**Raw data**:
§

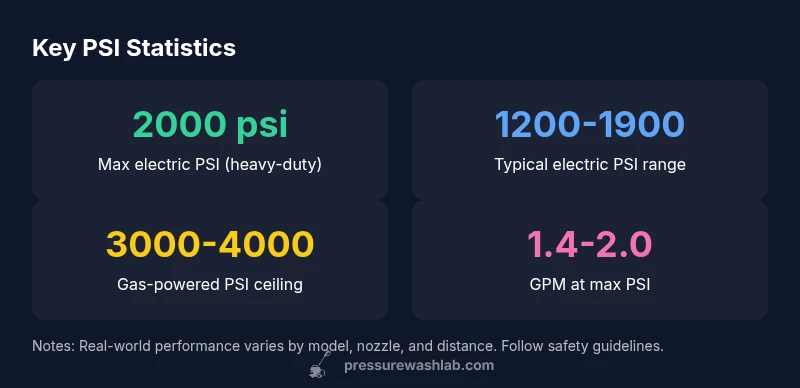 Electric pressure washers top out near 2000 psi for most heavy-duty home models, with typical ranges of 1200–1900 psi. If you need higher pressure, look to gas-powered units. These ceilings are broad and vary by pump design and nozzle, but for residential cleaning, 2000 psi represents the practical ceiling. Always consult the manufacturer for your exact model.
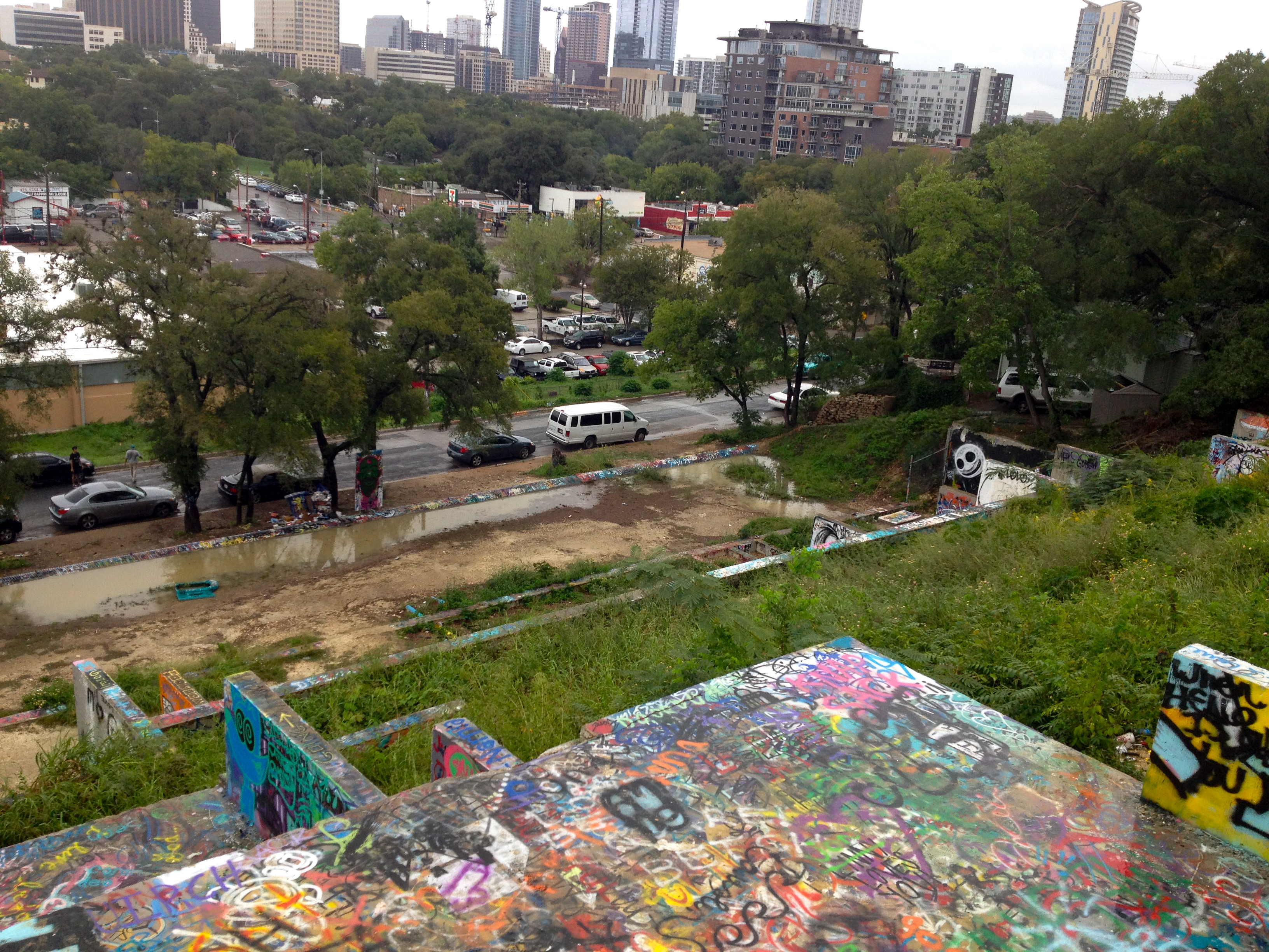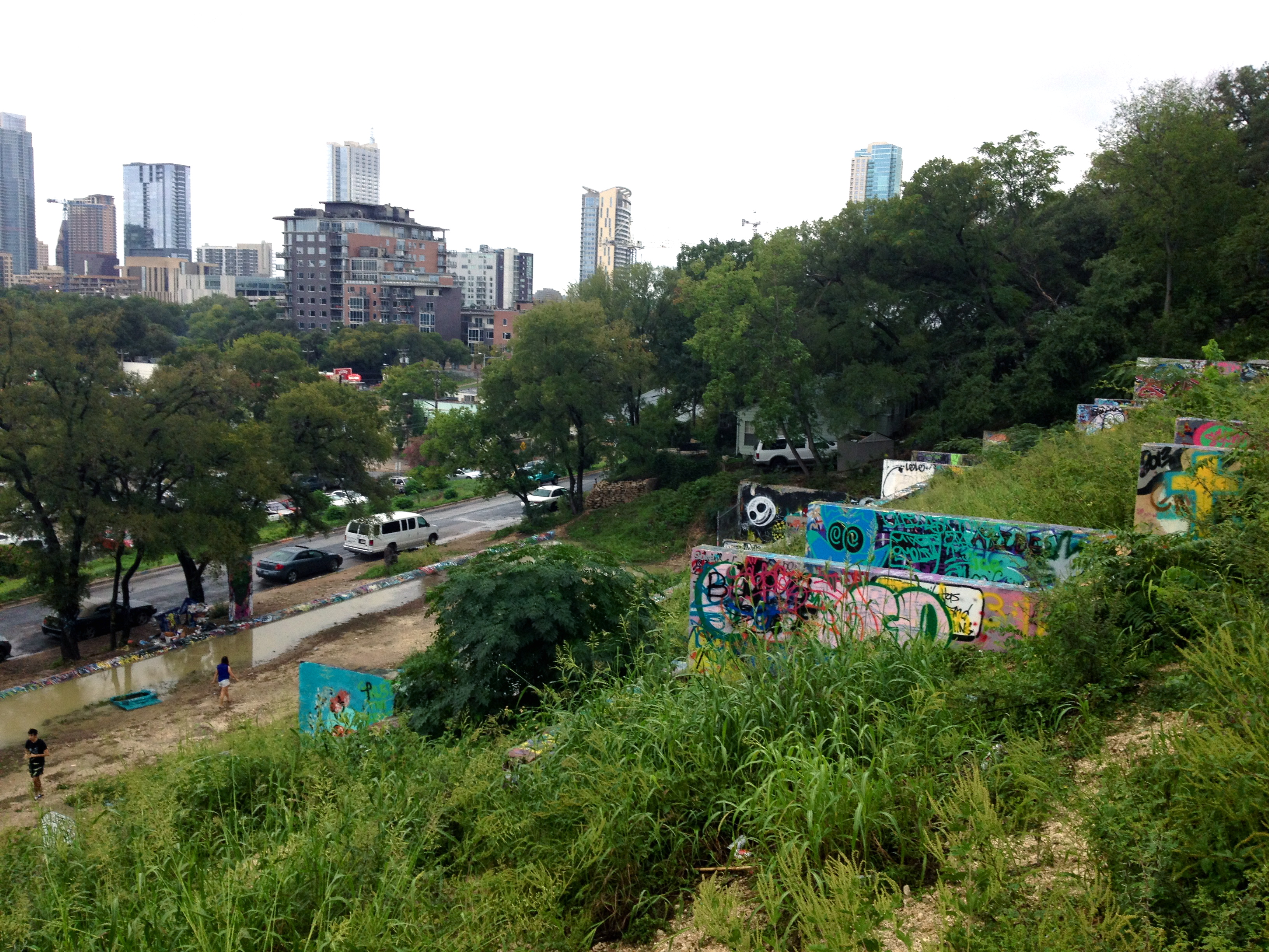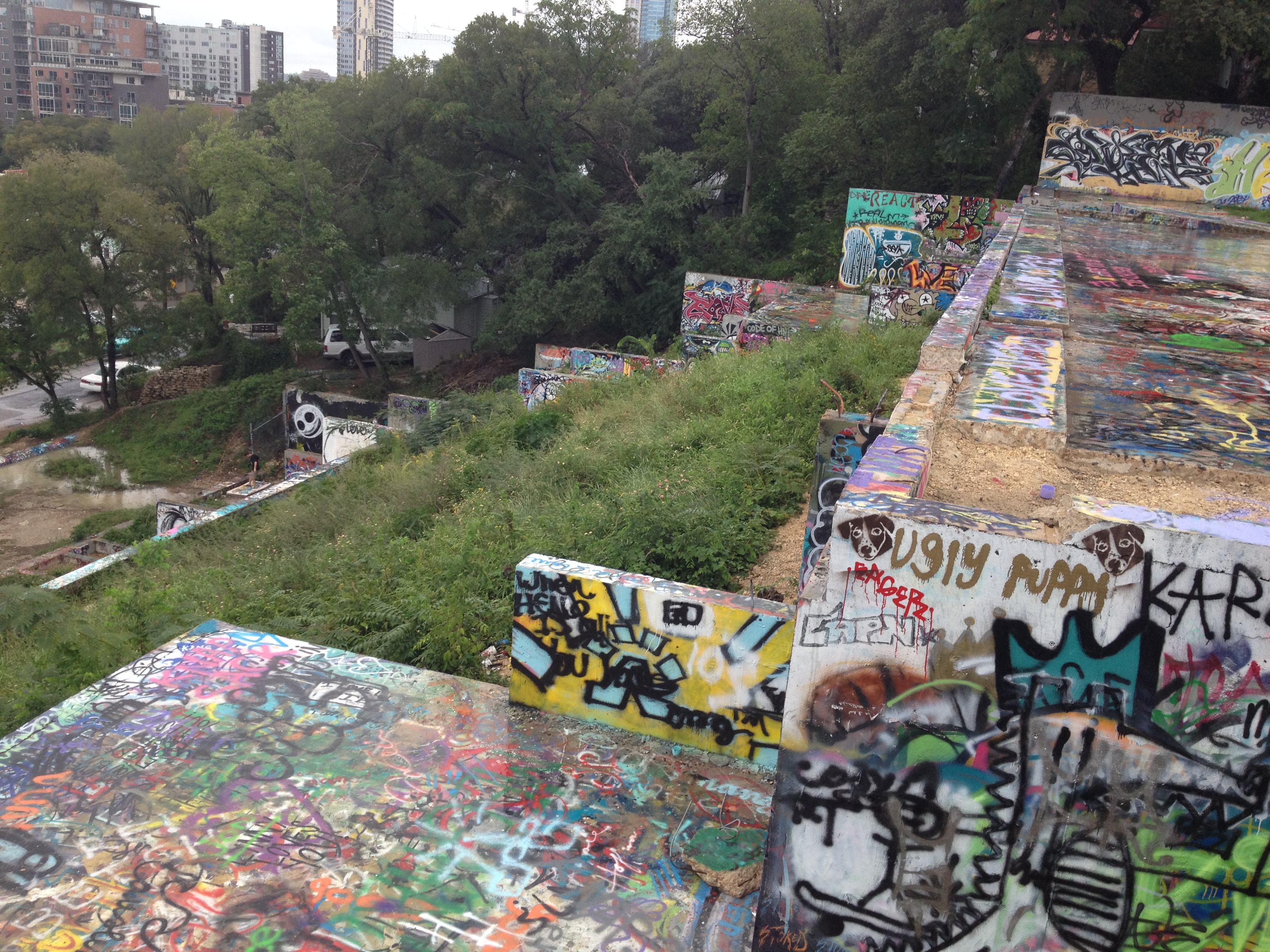 I have lived in Austin for four years and still gaze in wonderment at Town Lake and our city skyline, but I’ve stopped noticing the artiness of our town. For instance, right downtown near the Whole Foods and the skate park and my boss’s house, there is a huge lot with lots of cement walls COVERED in graffiti.
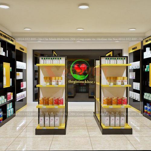 Mẫu nhà thuốc Thế giới sức khỏe này được chúng tôi lựa chọn thiết kế theo phong cách hiện đại bởi nó sẽ phù hợp hơn với một thiết kế nhà thuốc tây. Không sử dụng các gam màu truyền thống như trắng, xanh mà phá cách cùng tông màu vàng, đen mang đến ý tưởng vô cùng mới lạ cho không gian nhà thuốc.

§

**Directions**: Repeat the listing above verbatim, but exclude the pictures it contains.

**Answer to this task**:
 Electric pressure washers top out near 2000 psi for most heavy-duty home models, with typical ranges of 1200–1900 psi. If you need higher pressure, look to gas-powered units. These ceilings are broad and vary by pump design and nozzle, but for residential cleaning, 2000 psi represents the practical ceiling. Always consult the manufacturer for your exact model.
 I have lived in Austin for four years and still gaze in wonderment at Town Lake and our city skyline, but I’ve stopped noticing the artiness of our town. For instance, right downtown near the Whole Foods and the skate park and my boss’s house, there is a huge lot with lots of cement walls COVERED in graffiti.
 Mẫu nhà thuốc Thế giới sức khỏe này được chúng tôi lựa chọn thiết kế theo phong cách hiện đại bởi nó sẽ phù hợp hơn với một thiết kế nhà thuốc tây. Không sử dụng các gam màu truyền thống như trắng, xanh mà phá cách cùng tông màu vàng, đen mang đến ý tưởng vô cùng mới lạ cho không gian nhà thuốc.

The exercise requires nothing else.